> **Required action**
Whenever a line in the material below contains "Molfsee", copy that line.

> **Records to use**

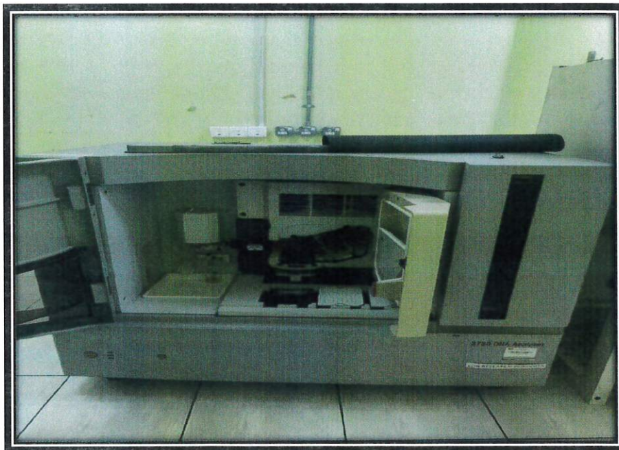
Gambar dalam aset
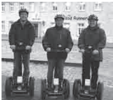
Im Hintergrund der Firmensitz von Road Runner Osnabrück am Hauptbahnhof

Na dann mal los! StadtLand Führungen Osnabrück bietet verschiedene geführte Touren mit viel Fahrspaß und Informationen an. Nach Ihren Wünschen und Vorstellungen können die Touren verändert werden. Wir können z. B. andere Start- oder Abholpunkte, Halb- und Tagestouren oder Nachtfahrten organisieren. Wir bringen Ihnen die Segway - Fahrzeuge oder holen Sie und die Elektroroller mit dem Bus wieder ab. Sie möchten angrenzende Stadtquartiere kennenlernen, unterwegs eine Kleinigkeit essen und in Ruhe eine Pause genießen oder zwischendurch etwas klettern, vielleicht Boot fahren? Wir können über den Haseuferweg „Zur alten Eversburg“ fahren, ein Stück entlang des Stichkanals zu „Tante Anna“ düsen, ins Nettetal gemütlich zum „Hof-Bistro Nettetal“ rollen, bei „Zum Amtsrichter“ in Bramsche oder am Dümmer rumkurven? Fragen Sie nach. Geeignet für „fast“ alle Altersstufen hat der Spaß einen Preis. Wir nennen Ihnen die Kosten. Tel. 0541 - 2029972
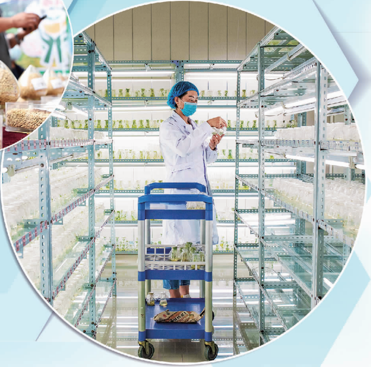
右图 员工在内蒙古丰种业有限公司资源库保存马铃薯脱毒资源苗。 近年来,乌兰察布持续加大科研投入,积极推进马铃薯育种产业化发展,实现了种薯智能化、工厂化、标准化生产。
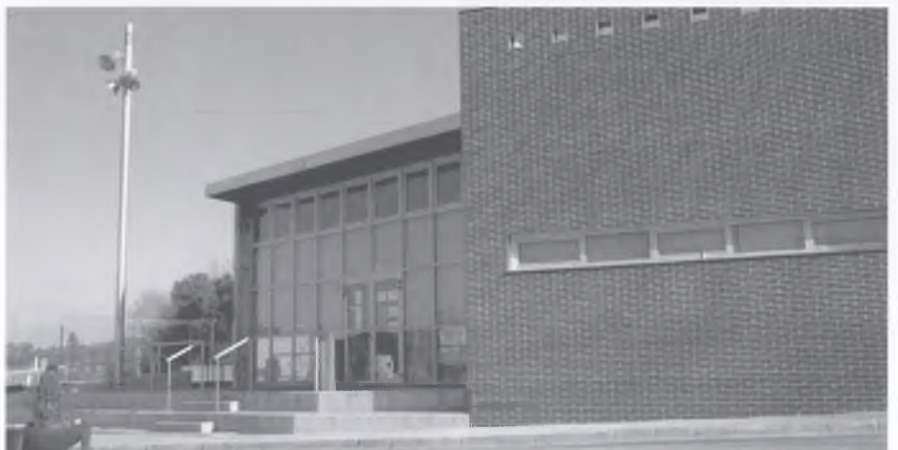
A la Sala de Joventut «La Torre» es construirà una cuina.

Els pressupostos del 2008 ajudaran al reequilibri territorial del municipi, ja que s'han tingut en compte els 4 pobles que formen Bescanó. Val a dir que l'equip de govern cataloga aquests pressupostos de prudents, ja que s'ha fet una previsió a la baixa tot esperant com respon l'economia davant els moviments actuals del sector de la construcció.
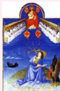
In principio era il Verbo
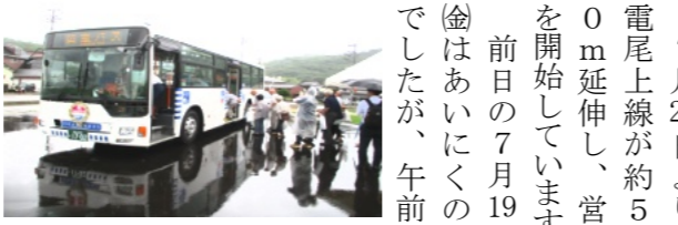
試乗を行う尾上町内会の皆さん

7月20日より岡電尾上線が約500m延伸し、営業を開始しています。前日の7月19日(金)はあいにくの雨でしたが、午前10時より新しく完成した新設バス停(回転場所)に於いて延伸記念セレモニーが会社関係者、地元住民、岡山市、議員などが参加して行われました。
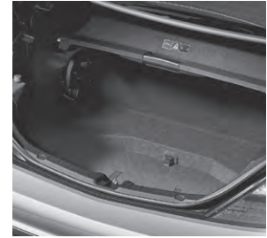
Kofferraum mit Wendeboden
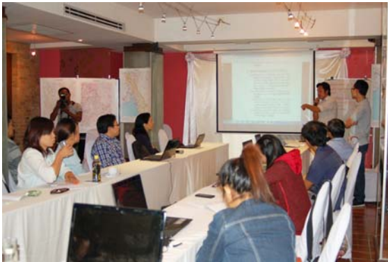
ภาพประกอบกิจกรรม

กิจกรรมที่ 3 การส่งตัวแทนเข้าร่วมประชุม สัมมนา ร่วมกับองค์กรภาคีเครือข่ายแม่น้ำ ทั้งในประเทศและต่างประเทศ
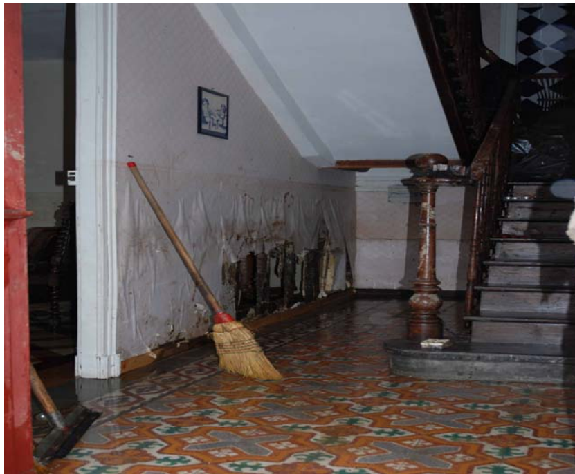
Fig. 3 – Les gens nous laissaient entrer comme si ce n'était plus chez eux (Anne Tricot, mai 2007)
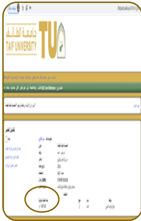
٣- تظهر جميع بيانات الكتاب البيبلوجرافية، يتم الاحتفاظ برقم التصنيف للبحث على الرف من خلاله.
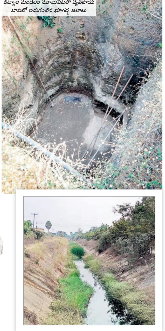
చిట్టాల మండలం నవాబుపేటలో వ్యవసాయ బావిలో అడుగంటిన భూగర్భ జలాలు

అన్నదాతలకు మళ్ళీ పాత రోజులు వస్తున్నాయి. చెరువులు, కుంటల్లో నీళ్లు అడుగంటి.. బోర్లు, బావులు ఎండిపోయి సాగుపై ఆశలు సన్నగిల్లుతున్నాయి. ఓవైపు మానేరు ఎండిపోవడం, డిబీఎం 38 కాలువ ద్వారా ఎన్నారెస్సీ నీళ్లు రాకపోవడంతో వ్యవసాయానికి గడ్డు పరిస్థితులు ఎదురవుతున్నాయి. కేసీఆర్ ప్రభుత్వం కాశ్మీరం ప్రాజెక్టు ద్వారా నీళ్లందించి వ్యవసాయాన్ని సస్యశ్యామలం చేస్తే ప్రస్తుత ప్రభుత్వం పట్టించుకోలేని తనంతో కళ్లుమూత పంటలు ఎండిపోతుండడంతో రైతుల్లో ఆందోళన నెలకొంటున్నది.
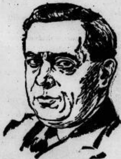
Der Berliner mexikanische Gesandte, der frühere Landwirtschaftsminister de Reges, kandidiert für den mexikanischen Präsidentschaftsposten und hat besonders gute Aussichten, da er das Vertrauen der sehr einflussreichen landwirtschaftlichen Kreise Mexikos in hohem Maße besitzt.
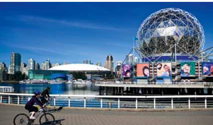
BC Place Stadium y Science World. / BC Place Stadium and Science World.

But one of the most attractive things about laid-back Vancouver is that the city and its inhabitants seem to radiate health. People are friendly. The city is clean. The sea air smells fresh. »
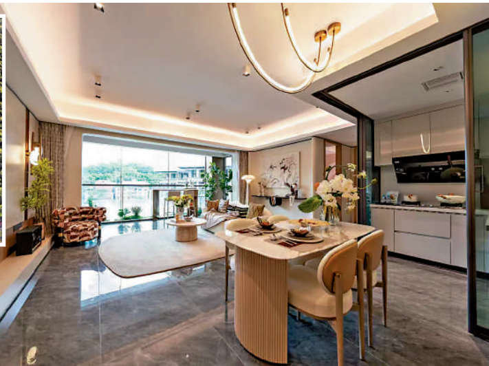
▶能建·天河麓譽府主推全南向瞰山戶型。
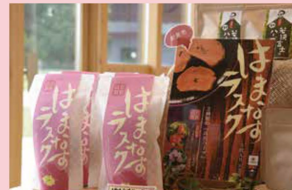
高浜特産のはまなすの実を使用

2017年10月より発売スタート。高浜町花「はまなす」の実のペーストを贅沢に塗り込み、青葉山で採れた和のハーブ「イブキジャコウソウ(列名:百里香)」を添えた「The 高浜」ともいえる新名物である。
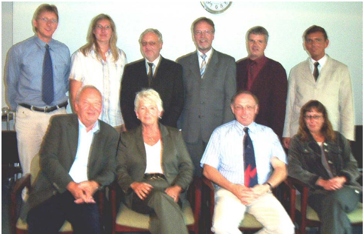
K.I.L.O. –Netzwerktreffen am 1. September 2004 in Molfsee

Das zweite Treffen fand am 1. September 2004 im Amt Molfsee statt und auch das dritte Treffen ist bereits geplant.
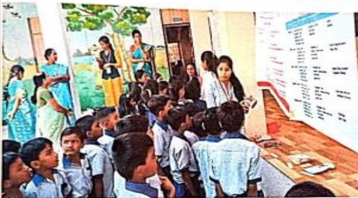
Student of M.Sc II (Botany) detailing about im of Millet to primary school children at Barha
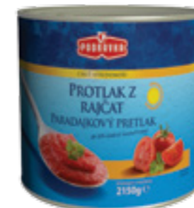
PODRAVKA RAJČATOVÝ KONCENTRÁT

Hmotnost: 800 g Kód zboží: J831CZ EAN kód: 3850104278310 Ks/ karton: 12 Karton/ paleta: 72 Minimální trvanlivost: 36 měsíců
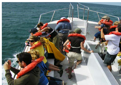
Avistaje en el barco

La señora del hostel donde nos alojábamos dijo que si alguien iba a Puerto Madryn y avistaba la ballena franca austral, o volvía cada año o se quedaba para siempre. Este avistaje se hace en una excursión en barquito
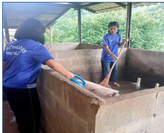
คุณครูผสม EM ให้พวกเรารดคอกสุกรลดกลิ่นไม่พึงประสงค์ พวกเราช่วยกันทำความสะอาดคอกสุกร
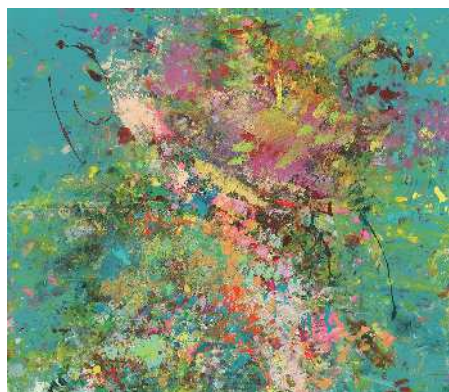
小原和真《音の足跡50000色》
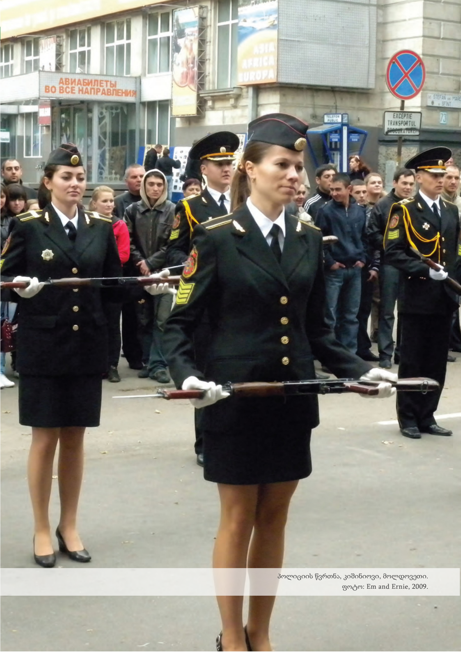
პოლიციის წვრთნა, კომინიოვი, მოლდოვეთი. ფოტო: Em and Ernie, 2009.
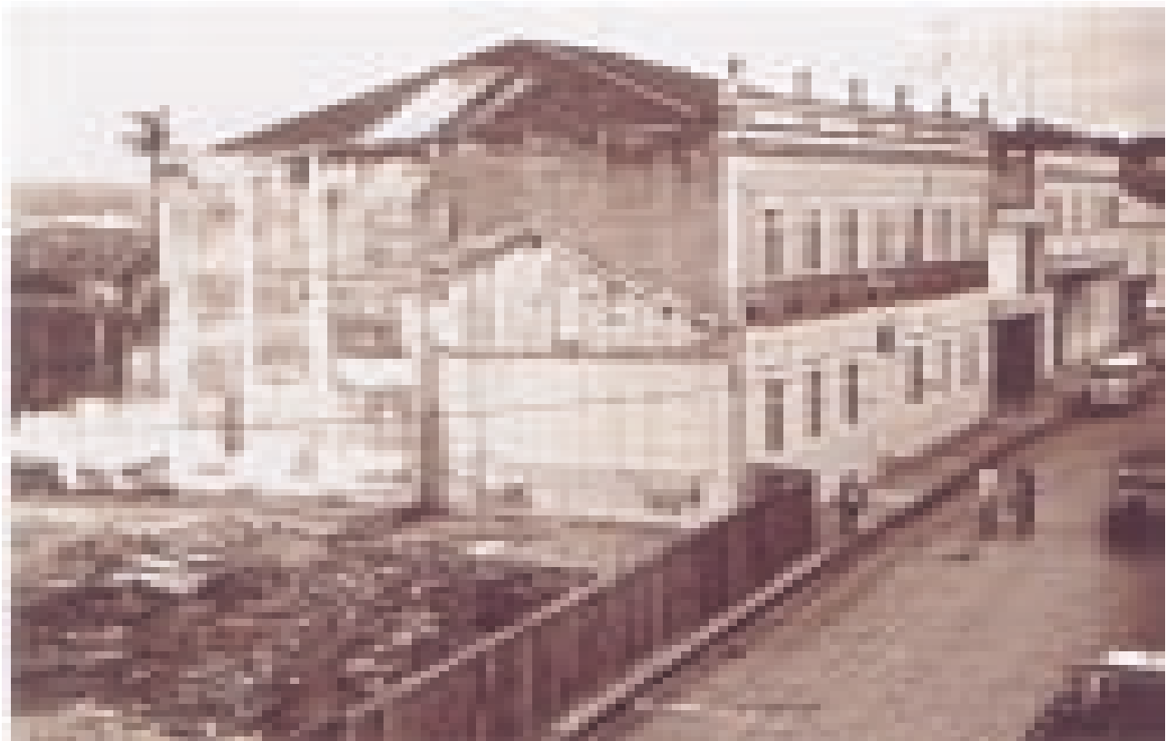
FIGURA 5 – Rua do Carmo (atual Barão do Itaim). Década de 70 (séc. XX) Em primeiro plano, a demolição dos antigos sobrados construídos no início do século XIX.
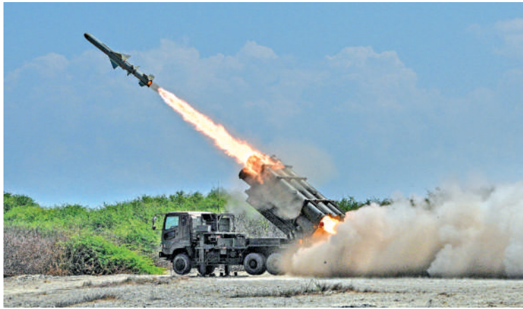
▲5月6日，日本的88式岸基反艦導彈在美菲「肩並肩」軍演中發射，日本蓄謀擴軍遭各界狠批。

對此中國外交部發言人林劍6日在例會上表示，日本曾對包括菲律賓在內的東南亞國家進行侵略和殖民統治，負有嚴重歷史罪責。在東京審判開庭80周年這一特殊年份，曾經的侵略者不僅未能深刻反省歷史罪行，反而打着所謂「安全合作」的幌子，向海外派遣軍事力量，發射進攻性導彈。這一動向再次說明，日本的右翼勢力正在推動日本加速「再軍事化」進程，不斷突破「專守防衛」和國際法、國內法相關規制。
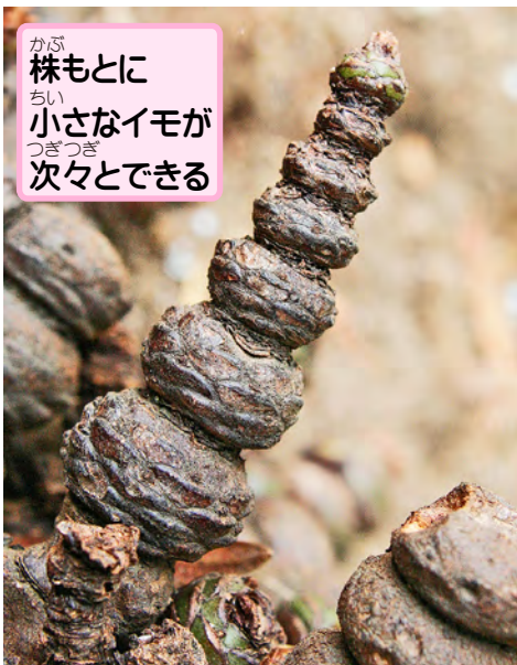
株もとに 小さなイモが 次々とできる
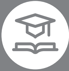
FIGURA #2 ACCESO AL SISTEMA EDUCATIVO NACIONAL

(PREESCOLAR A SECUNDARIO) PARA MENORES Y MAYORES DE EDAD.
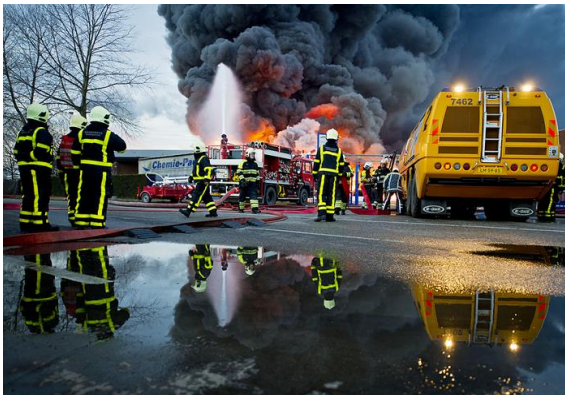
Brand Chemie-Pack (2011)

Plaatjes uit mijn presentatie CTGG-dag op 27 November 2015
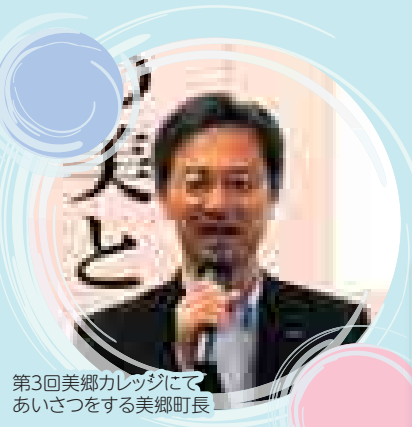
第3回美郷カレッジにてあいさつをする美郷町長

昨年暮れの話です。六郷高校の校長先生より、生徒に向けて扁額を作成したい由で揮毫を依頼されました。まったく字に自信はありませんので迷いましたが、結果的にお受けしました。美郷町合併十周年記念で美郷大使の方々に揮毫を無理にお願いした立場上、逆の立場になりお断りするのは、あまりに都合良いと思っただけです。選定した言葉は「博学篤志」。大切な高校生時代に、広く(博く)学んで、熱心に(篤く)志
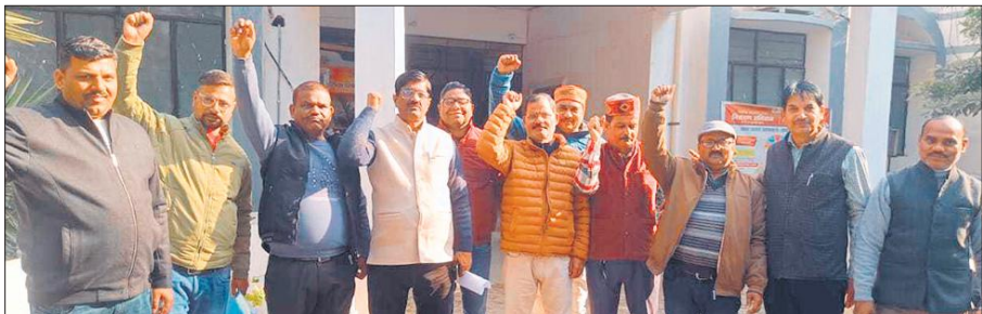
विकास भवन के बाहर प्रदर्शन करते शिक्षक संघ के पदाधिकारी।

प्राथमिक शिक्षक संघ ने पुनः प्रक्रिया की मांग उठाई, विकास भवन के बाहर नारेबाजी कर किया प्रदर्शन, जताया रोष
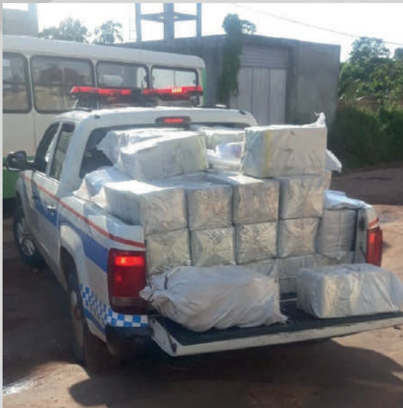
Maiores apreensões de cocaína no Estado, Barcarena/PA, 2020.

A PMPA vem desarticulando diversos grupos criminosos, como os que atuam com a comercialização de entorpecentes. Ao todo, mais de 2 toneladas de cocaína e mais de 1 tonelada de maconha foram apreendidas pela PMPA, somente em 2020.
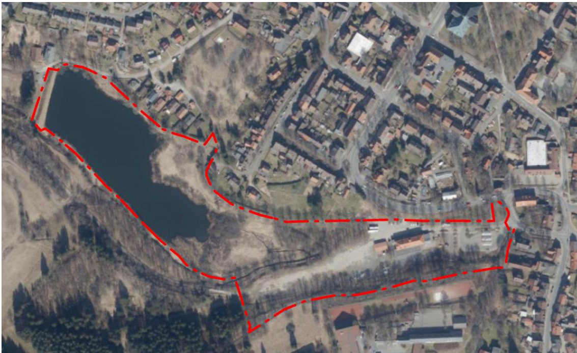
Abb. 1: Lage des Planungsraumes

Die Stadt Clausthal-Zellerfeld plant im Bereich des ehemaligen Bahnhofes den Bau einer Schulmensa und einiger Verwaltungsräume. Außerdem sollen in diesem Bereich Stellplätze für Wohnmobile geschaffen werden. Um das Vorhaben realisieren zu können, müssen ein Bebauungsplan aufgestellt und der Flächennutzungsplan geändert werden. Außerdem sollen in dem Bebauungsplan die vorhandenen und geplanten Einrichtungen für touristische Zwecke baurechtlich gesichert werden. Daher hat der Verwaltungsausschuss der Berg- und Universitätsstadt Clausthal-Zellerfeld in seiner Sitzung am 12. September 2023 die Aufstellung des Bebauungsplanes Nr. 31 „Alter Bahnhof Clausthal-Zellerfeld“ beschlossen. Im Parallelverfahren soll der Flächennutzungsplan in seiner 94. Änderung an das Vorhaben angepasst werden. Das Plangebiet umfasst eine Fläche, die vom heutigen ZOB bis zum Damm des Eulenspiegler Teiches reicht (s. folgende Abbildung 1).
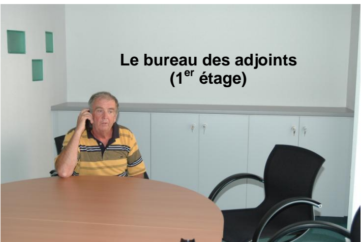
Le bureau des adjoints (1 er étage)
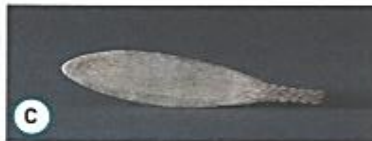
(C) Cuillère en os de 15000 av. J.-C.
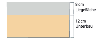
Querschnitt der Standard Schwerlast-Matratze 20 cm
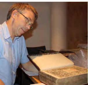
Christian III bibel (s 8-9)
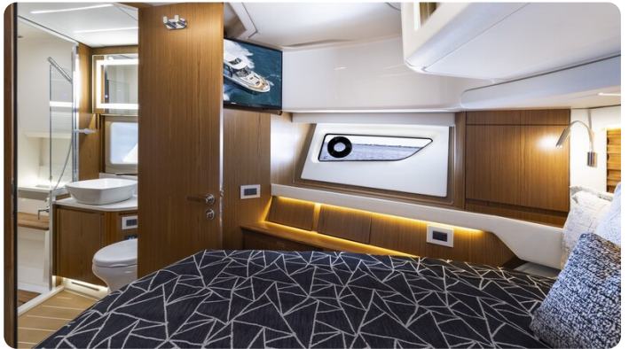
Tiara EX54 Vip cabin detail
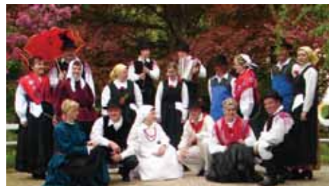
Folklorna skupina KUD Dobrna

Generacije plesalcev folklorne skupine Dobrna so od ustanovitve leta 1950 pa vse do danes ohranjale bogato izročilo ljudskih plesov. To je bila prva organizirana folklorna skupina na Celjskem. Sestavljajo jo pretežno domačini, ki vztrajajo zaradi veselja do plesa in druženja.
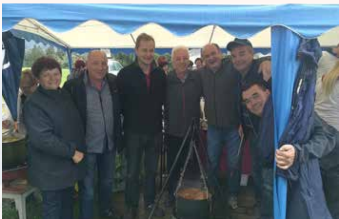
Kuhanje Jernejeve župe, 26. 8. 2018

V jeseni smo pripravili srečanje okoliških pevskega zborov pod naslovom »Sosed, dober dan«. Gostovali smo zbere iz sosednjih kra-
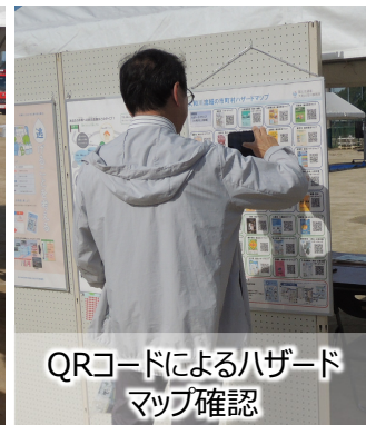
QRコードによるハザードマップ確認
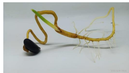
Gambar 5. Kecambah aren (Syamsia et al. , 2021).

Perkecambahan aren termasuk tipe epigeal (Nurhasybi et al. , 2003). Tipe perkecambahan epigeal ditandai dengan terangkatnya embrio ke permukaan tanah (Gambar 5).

> **Solution to the problem**
K.I.L.O. –Netzwerktreffen am 1. September 2004 in Molfsee
Das zweite Treffen fand am 1. September 2004 im Amt Molfsee statt und auch das dritte Treffen ist bereits geplant.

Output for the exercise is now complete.